(The data)

————————

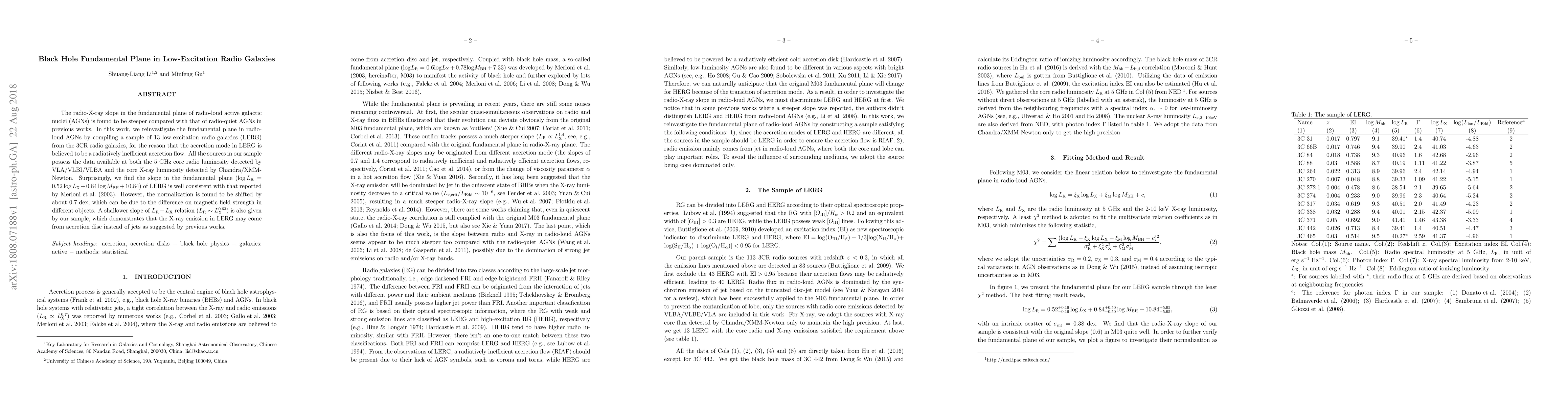 The radio-X-ray slope in the fundamental plane of radio-loud active galactic nuclei (AGNs) is found to be steeper compared with that of radio-quiet AGNs in previous works. In this work, we reinvestigate the fundamental plane in radio-loud AGNs by compiling a sample of 13 low-excitation radio galaxies (LERG) from the 3CR radio galaxies, for the reason that the accretion mode in LERG is believed to be a radiatively inefficient accretion flow. All the sources in our sample possess the data available at both the 5 GHz core radio luminosity detected by VLA/VLBI/VLBA and the core X-ray luminosity detected by Chandra/XMM-Newton. Surprisingly, we find the slope in the fundamental plane ($\log L_{\rm R}=0.52 \log L_{\rm X}+ 0.84 \log M_{\rm BH} + 10.84$) of LERG is well consistent with that reported by \citet{m2003}. However, the normalization is found to be shifted by about 0.7 dex, which can be due to the difference on magnetic field strength in different objects. A shallower slope of $L_{\rm R}-L_{\rm X}$ relation ($L_{\rm R}\sim L_{\rm X}^{0.63}$) is also given by our sample, which demonstrates that the X-ray emission in LERG may come from accretion disc instead of jets as suggested by previous works.
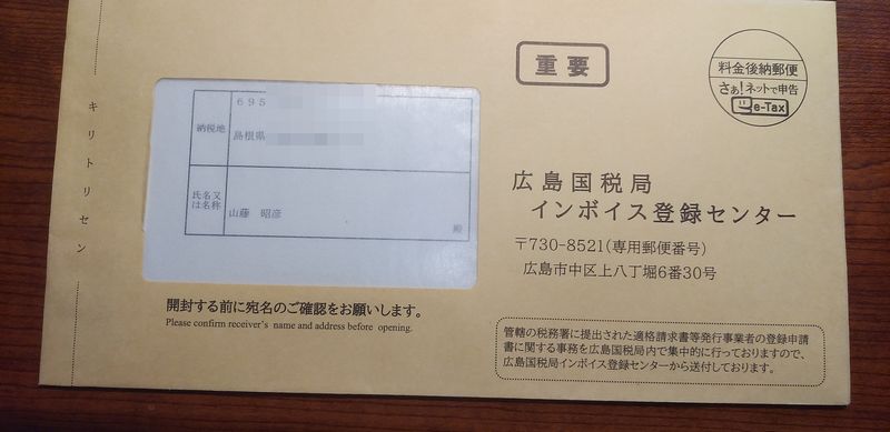 これで、令和5年10月1日以後の発行の請求書、領収書等には、このインボイスNOを記すこととなります。
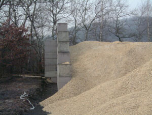 Die Besonderheit: Lange Wände, die den Anpressdruck des Gipses (Rohdichte 1,6to/cbm) aufnehmen müssen. Der Trick: In einem Raster von 15m wurden seitliche Stützen eingebaut. Hinzu kommen eine hohe Wandhöhe, um das statisch wirksame Gegengewicht aufzubauen.

————————

(Brief) Print the material in full and exactly; the pictures must not be printed.

(Your solution)
 The radio-X-ray slope in the fundamental plane of radio-loud active galactic nuclei (AGNs) is found to be steeper compared with that of radio-quiet AGNs in previous works. In this work, we reinvestigate the fundamental plane in radio-loud AGNs by compiling a sample of 13 low-excitation radio galaxies (LERG) from the 3CR radio galaxies, for the reason that the accretion mode in LERG is believed to be a radiatively inefficient accretion flow. All the sources in our sample possess the data available at both the 5 GHz core radio luminosity detected by VLA/VLBI/VLBA and the core X-ray luminosity detected by Chandra/XMM-Newton. Surprisingly, we find the slope in the fundamental plane ($\log L_{\rm R}=0.52 \log L_{\rm X}+ 0.84 \log M_{\rm BH} + 10.84$) of LERG is well consistent with that reported by \citet{m2003}. However, the normalization is found to be shifted by about 0.7 dex, which can be due to the difference on magnetic field strength in different objects. A shallower slope of $L_{\rm R}-L_{\rm X}$ relation ($L_{\rm R}\sim L_{\rm X}^{0.63}$) is also given by our sample, which demonstrates that the X-ray emission in LERG may come from accretion disc instead of jets as suggested by previous works.
 これで、令和5年10月1日以後の発行の請求書、領収書等には、このインボイスNOを記すこととなります。
 Die Besonderheit: Lange Wände, die den Anpressdruck des Gipses (Rohdichte 1,6to/cbm) aufnehmen müssen. Der Trick: In einem Raster von 15m wurden seitliche Stützen eingebaut. Hinzu kommen eine hohe Wandhöhe, um das statisch wirksame Gegengewicht aufzubauen.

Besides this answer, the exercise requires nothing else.